KKR to expand Italian ‘bad loans’ platform

KKR, UniCredit and Intesa Sanpaolo have ramped up the vehicle with almost €1 billion in debt and equity exposure to Italian companies.

KKR Credit plans to make its Italian ‘bad loan’ platform with Italian banks UniCredit and Intesa Sanpaolo pan-European, in a bid to support other banks managing their exposure to non-core and underperforming assets, the firm announced.

Almost €1 billion in initial debt and equity exposures is to be transferred from the balance sheets of UniCredit and Instesa Sanpaolo to the vehicle to which KKR will provide long-term capital and operational expertise.

It’s estimated that there is around €1.2 trillion of non-performing loans in Europe at present. Many European banks have been constrained from injecting cash into struggling companies as a result of regulation created in the wake of the financial crisis. Equity balance sheet exposures can carry capital charges of around 300 percent, PDI understands.

Banks have also had to make provisions against bad loans. Hence, many have been forced to fire sale portfolios or place loans into ‘bad banks’.

The UniCredit and Intesa Sanpaolo platform has been the subject of discussions with KKR and restructuring advisor Alvarez & Marsal since April 2014, and is one of the latest iterations of how banks in Europe are addressing bad loans.

At present, there is exposure to around six or seven companies in the platform.
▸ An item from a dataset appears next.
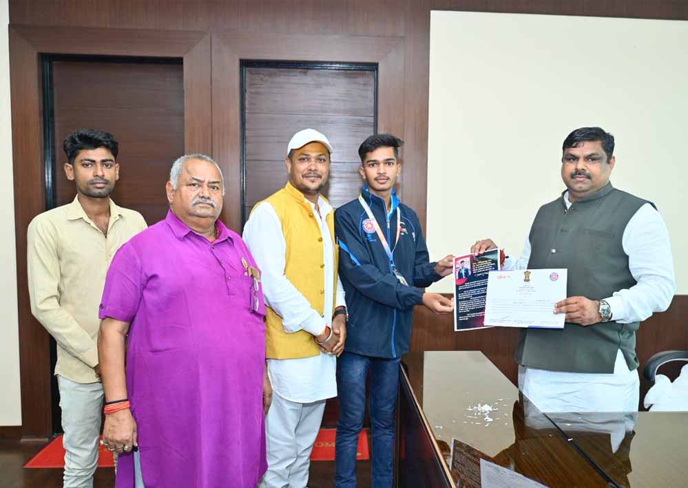 शासकीय कचना धुरवा कॉलेज, छुरा जिला – गरियाबंद में बी कॉम तीसरे सेमेस्टर के छात्र श्री ओमप्रकाश सेन, ग्राम दादरगांव पुराना निवासी हैं। कैम्प से लौटने के उपरांत उन्होंने मंत्री श्री यादव से मुलाकात की। मंत्री श्री यादव ने ओमप्रकाश सेन को राष्ट्रीय स्तर पर छत्तीसगढ़ की भागीदारी हेतु हार्दिक शुभकामनाएं देते हुए कहा कि युवा शक्ति ही देश का भविष्य है। प्रदेश के छात्र राष्ट्रीय मंचों पर सहभागिता कर समाज और राज्य का नाम रोशन कर रहे हैं। उन्होंने श्री ओमप्रकाश सेन के उज्ज्वल भविष्य की कामना करते हुए आगे भी इसी तरह सामाजिक व शैक्षणिक गतिविधियों में सक्रिय योगदान देते हुए आगे बढ़ते रहने के लिए प्रेरित और प्रोत्साहित किया।

Andrea Giovanelli, head of restructuring for UniCredit until recently, has been appointed chief executive to lead the platform in Italy and will do both portfolio management and help with the expansion of the platform.

KKR’s Italian team will focus on Italy while the firm’s London team will look to expand the platform with banks in other countries, Ludo Bammens, head of EMEA corporate affairs, told PDI.

“The critical point, especially for the non-performing corporate loan portfolio, is that you have a critical mass, meaning the banks that are part of the platform, if taken together, have a sufficient level of exposure to the company to have influence and effect change, Bammens explained.

Fresh capital will be funded from KKR’s special situations funds and other funds managed or advised by KKR or its affiliates. “As a general rule of thumb, about 20 percent fresh capital, compared to total exposure, will be needed to help these companies,” Bammens said.

Johannes Huth, head of KKR Europe, Africa and Middle East, said in a statement that the platform would help banks manage exposures including non-core and underperforming corporate loans, real estate and shipping. “The evolution of bank strategies in response to changing regulation has created a real opportunity for such an approach,” Huth said.

Mubashir Mukadam, KKR’s European head of special situations, added: “The Italian platform is built in open architecture allowing other banks to join and include their own exposures. Besides Italy, we are evaluating opportunities in a number of other selected European countries in the near-term.”

Other US investment firms that have set up partnerships with Italian banks recently include HIG Bayside Capital and Blackstone GSO.